For our future context $A = \mathbb{R}^n$ and $B = \mathbb{R}^m$ for some natural numbers $n$ and $m$.

### 3.2.1. Differentiation of a univariate function
----------------------------
**Definition of the derivative of a univariate function**<br>

For a function $f:\mathbb{R} \to \mathbb{R}$ we would like to characterise its local linear behavior. Therefore we take two points $x$ and $x+\Delta x$ and their corresponding values $f(x)$ and $f(x+\Delta x)$. We are connecting these points by a line and we will calculate the gradient of this line

$$m = \frac{\Delta f}{\Delta x} = \frac{f(x+\Delta x)-f(x)}{(x+\Delta x) - x} = \frac{f(x+\Delta x)-f(x)}{\Delta x}$$

Now we are going to take smaller and smaller values for the increment $\Delta x$. We define the derivative of $f$ in point $x$ as the value of the above quotient when $\Delta x$ is getting infinitesimally small.

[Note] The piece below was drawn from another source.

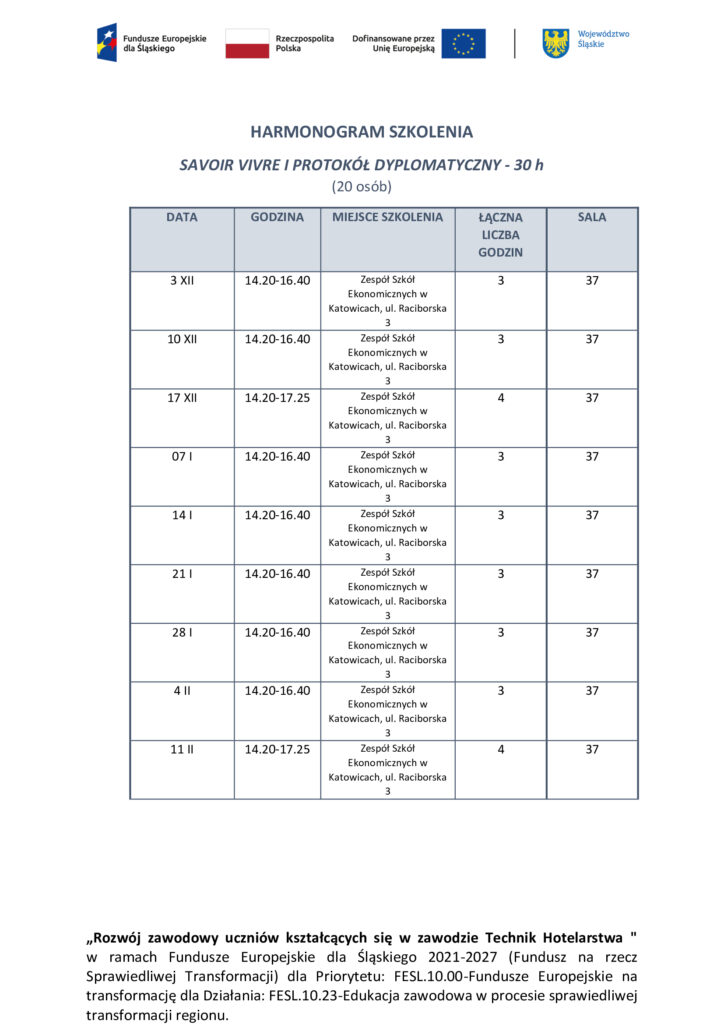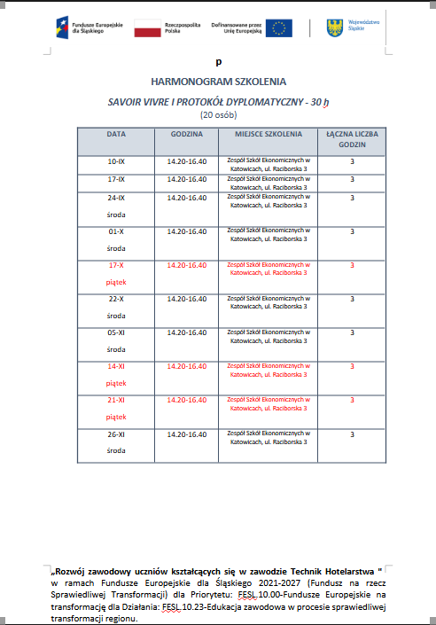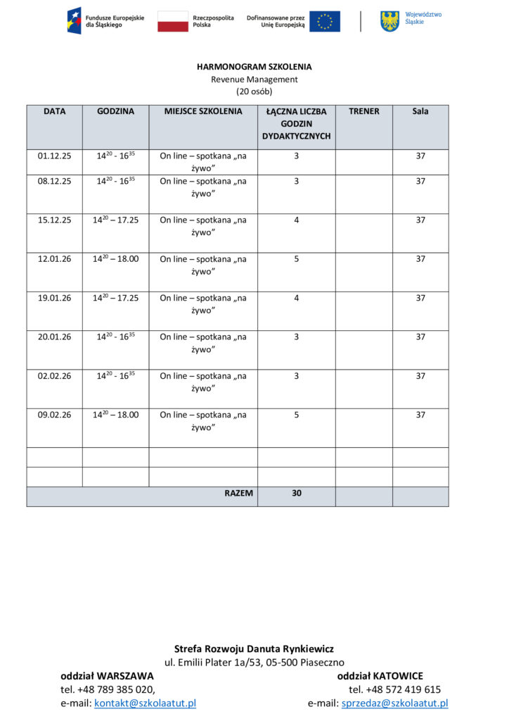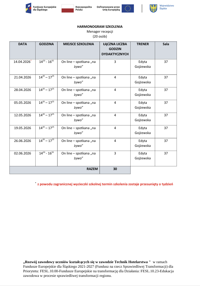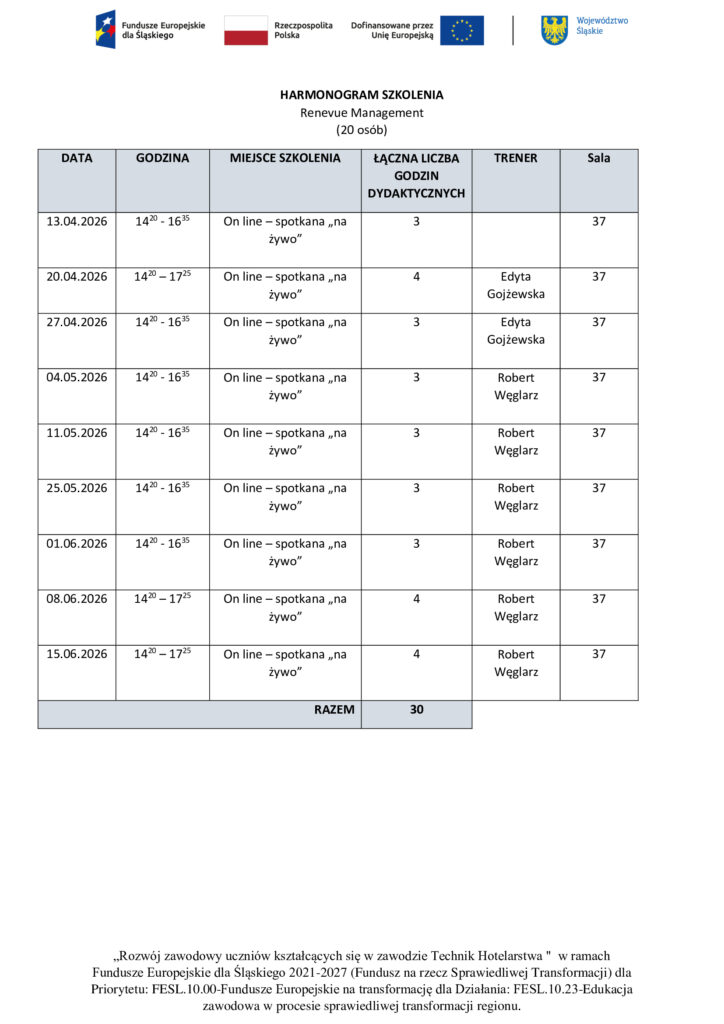 Harmonogramy szkoleń dla uczniów

In mathematical formalism the definition of the first order derivative of $f$ looks in the following way:

$$f'(x) = \lim\limits_{\Delta x \to 0} \frac{f(x+\Delta x)-f(x)}{\Delta x}$$

-------------------

In [2]:
from IPython.display import IFrame

IFrame("https://www.geogebra.org/classic/enyhcvgw", 1100, 900)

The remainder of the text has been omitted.